= THE DATA =
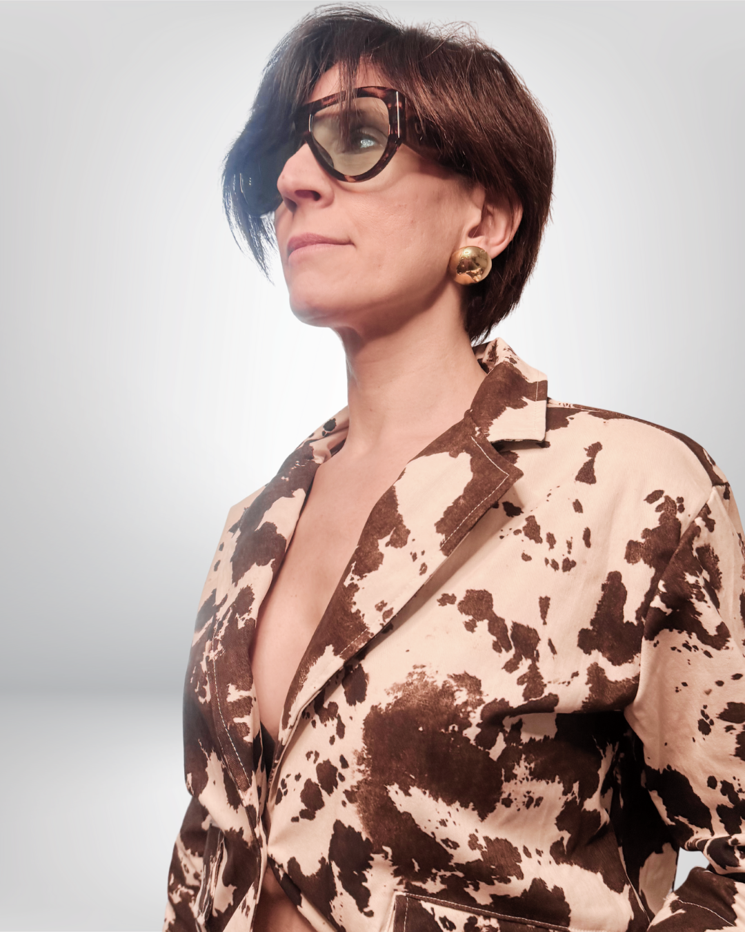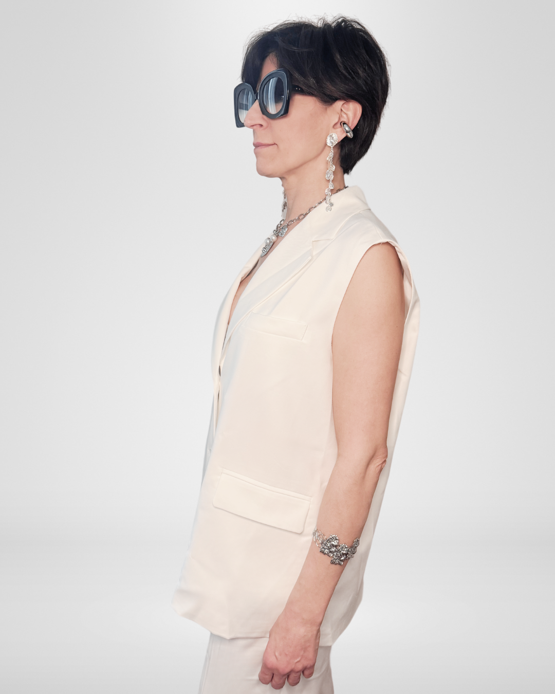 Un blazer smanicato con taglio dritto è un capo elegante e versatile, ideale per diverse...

==

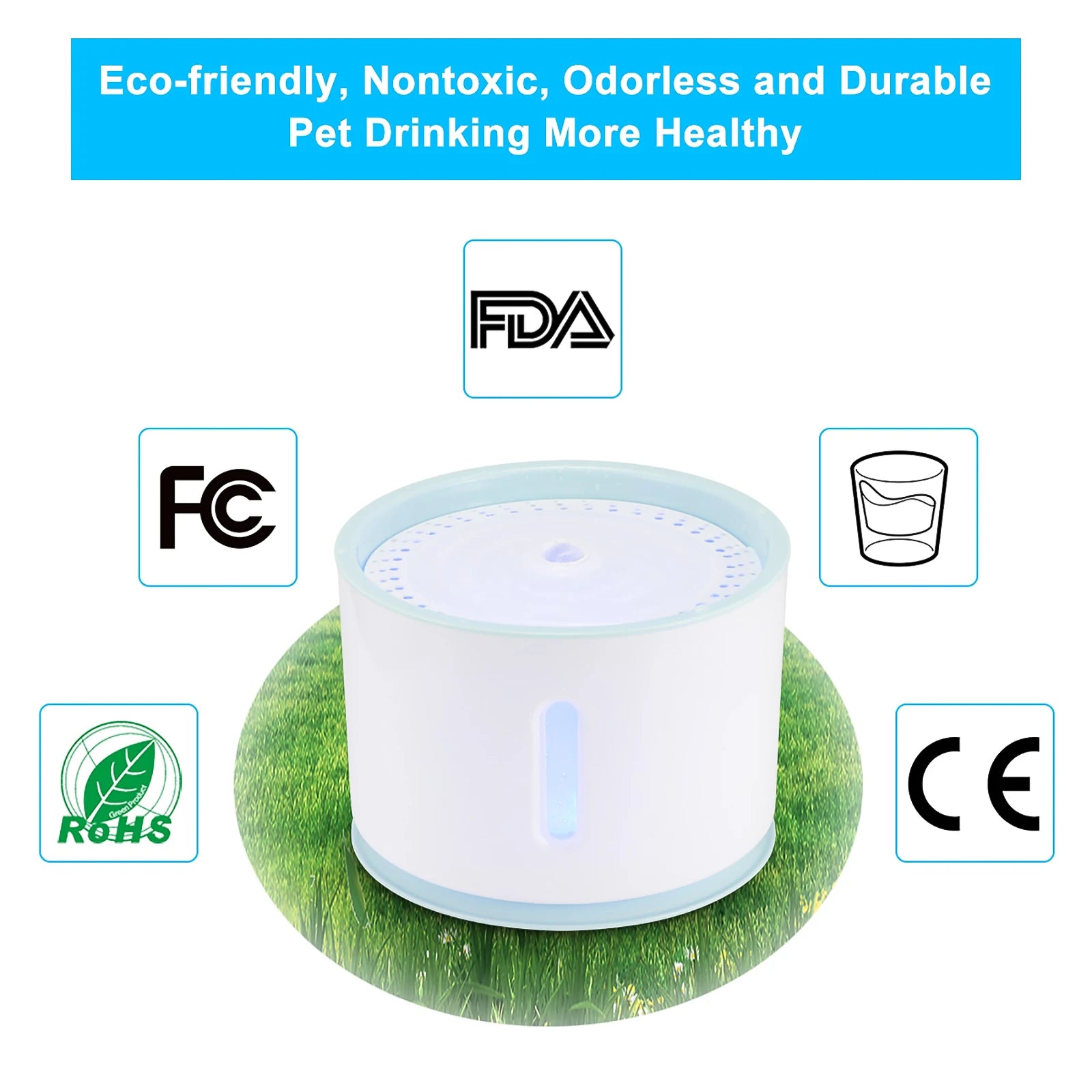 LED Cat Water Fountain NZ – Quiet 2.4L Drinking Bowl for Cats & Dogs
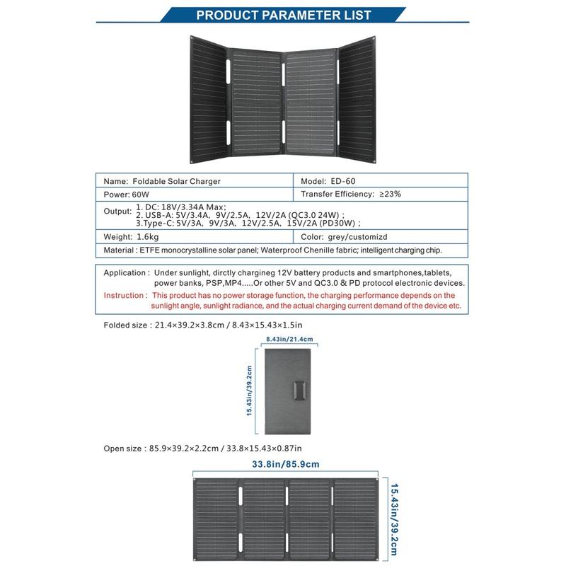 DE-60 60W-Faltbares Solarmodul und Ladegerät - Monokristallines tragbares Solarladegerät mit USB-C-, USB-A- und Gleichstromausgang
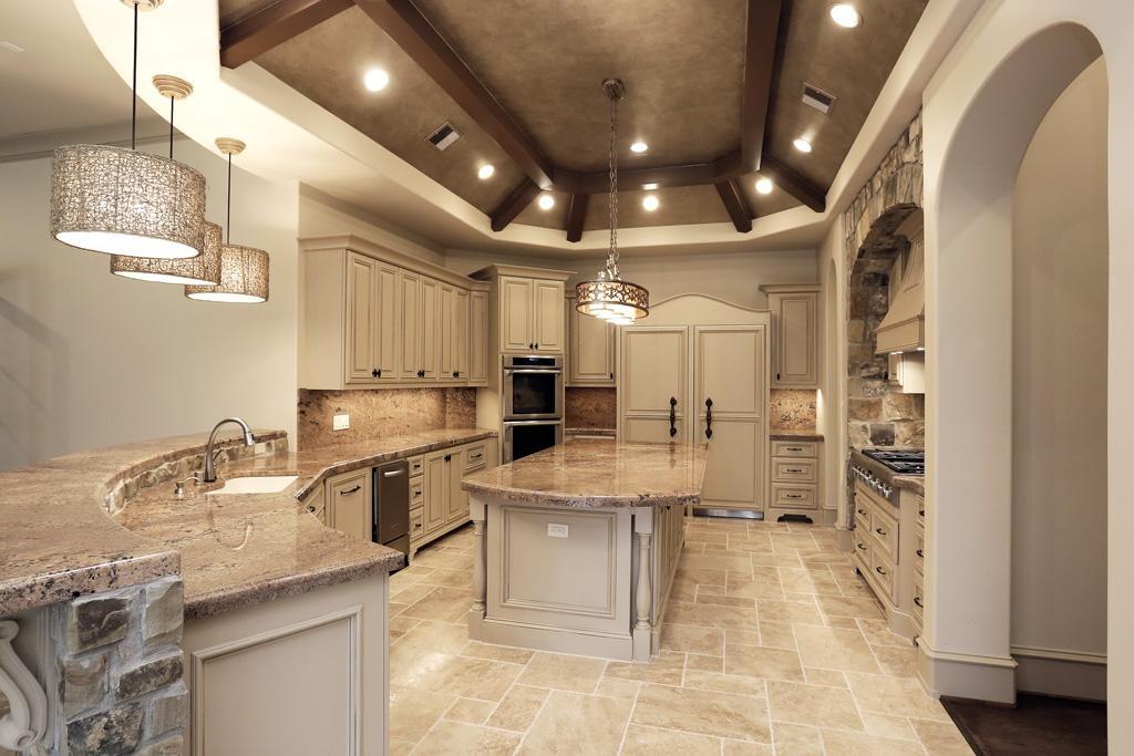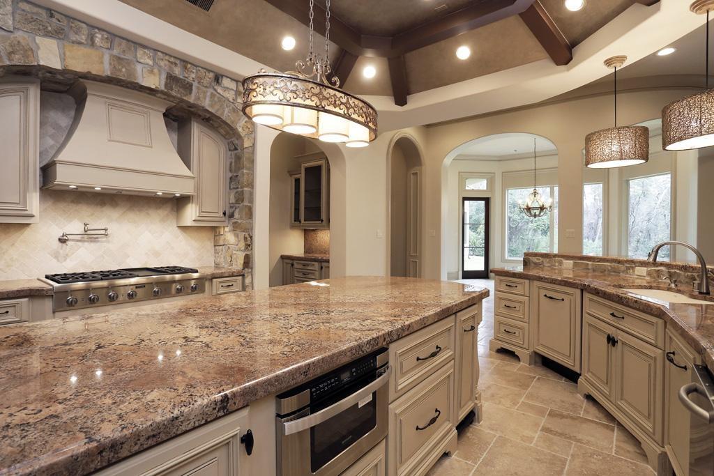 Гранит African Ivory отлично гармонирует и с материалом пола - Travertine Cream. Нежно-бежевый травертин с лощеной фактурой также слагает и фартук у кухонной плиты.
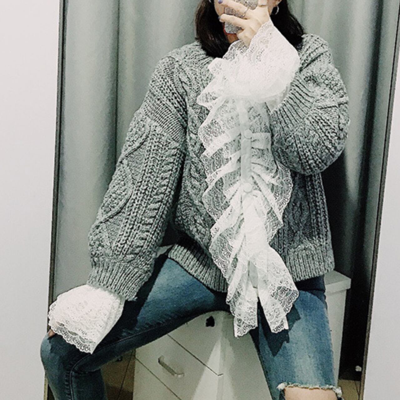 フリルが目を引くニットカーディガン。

...

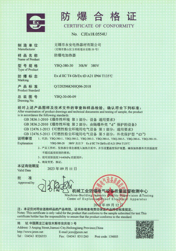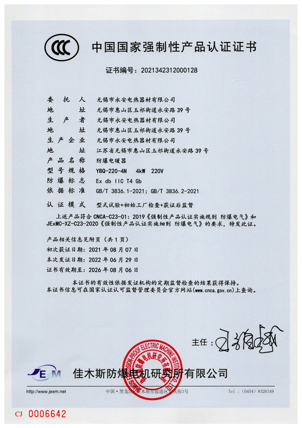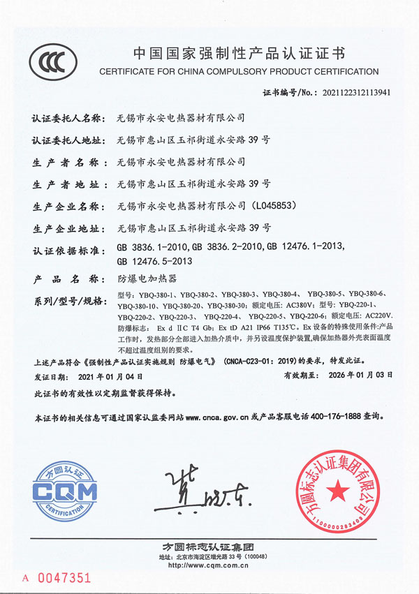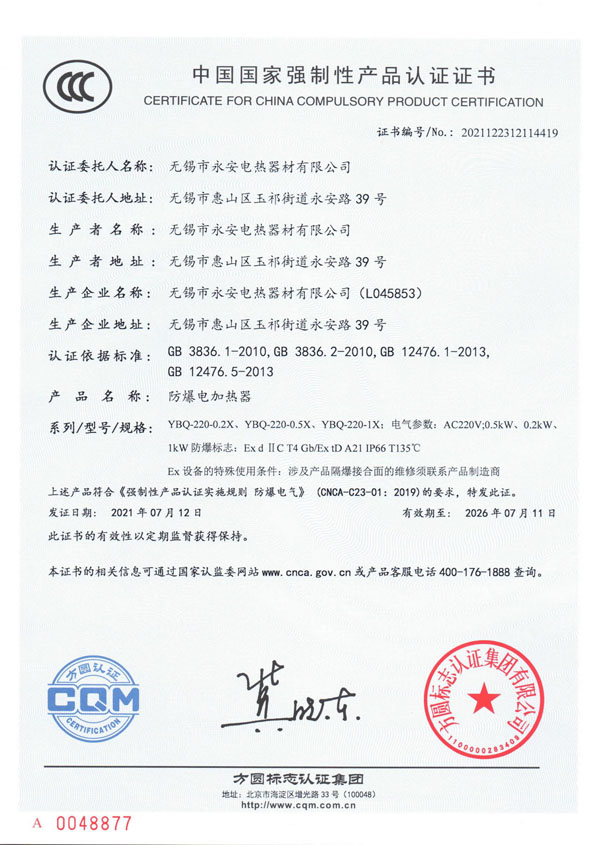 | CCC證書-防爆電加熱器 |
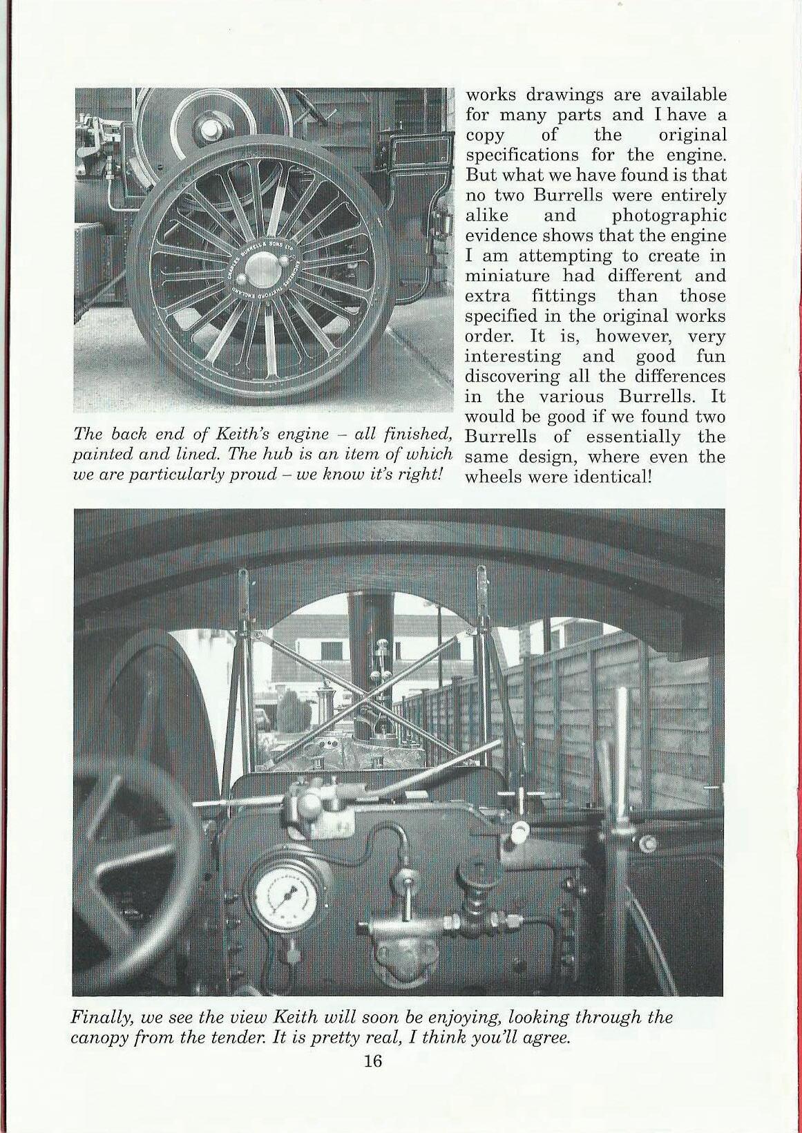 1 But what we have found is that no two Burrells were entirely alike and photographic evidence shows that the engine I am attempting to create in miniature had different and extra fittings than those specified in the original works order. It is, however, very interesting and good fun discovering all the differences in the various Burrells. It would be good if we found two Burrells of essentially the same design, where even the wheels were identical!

= AIM OF THE TASK =
Above are some entries; copy exactly the lines from the line with "LED Cat Water" through the line with "DE-60 60W-Faltbares Solarmodul", both included, but none of the pictures.

= SOLUTION TO THE PROBLEM =
 LED Cat Water Fountain NZ – Quiet 2.4L Drinking Bowl for Cats & Dogs
 DE-60 60W-Faltbares Solarmodul und Ladegerät - Monokristallines tragbares Solarladegerät mit USB-C-, USB-A- und Gleichstromausgang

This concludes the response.